▸ **What the task asks**
Beginning with the line containing "CosmoToon CosmoToon #1" and ending at the last line of the data, set down every line exactly, leaving out all pictures.

▸ **Recorded data**
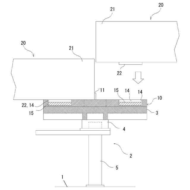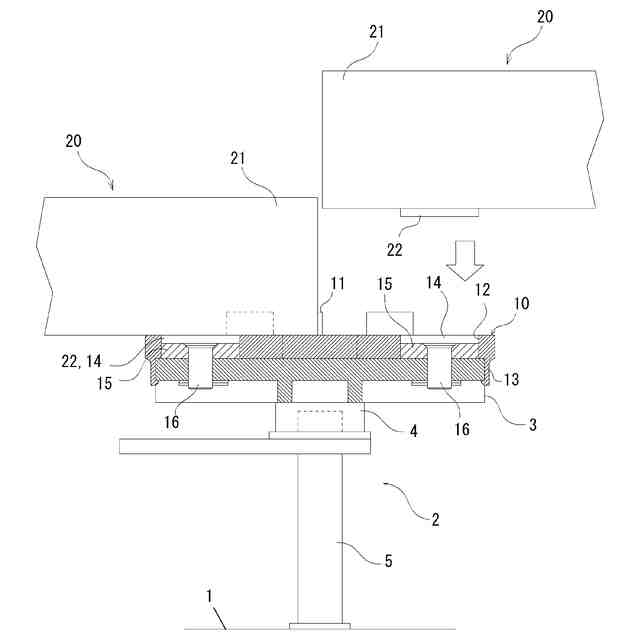 図面に示すように、この実施例では、板状パネル受け部10は、上面視正方形の板体で形成され、非磁性体材料、例えば、樹脂材料等から成る。
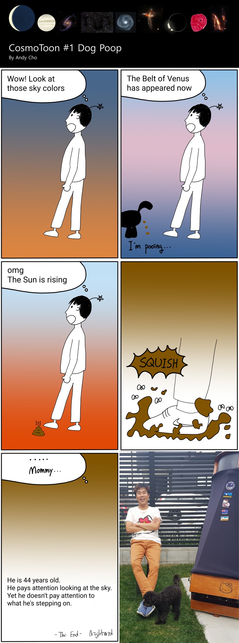 CosmoToon CosmoToon #1 – Dog Poop Date: 17 July 2022Author: Nightwid 0 Comments Webtoons for stargazers by digital drawing – Andy Cho [ English version ] [ Korean version ] Share this: Click to share on Facebook (Opens in new window) Facebook Like Loading... Related
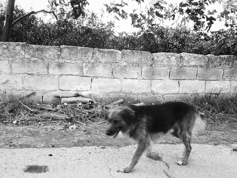 Ciao Opeio, è una foto che mi attira perché l'espressione canina, complice il bel mosso, è indefinita tra il sorriso amichevole, la digrignata feroce e la prudenza tipica di ogni cane di strada!
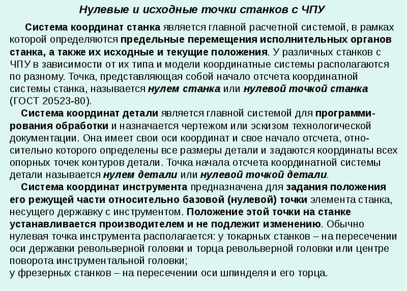 Нулевые, исходные и фиксированные точки станка с ЧПУ - Металлорежущие станки с Ч
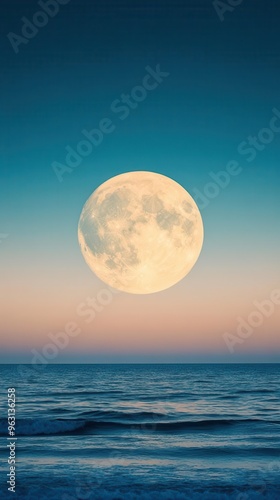 Dramatic moonrise over ocean horizon

▸ **Answer to the problem**
 CosmoToon CosmoToon #1 – Dog Poop Date: 17 July 2022Author: Nightwid 0 Comments Webtoons for stargazers by digital drawing – Andy Cho [ English version ] [ Korean version ] Share this: Click to share on Facebook (Opens in new window) Facebook Like Loading... Related
 Ciao Opeio, è una foto che mi attira perché l'espressione canina, complice il bel mosso, è indefinita tra il sorriso amichevole, la digrignata feroce e la prudenza tipica di ogni cane di strada!
 Нулевые, исходные и фиксированные точки станка с ЧПУ - Металлорежущие станки с Ч
 Dramatic moonrise over ocean horizon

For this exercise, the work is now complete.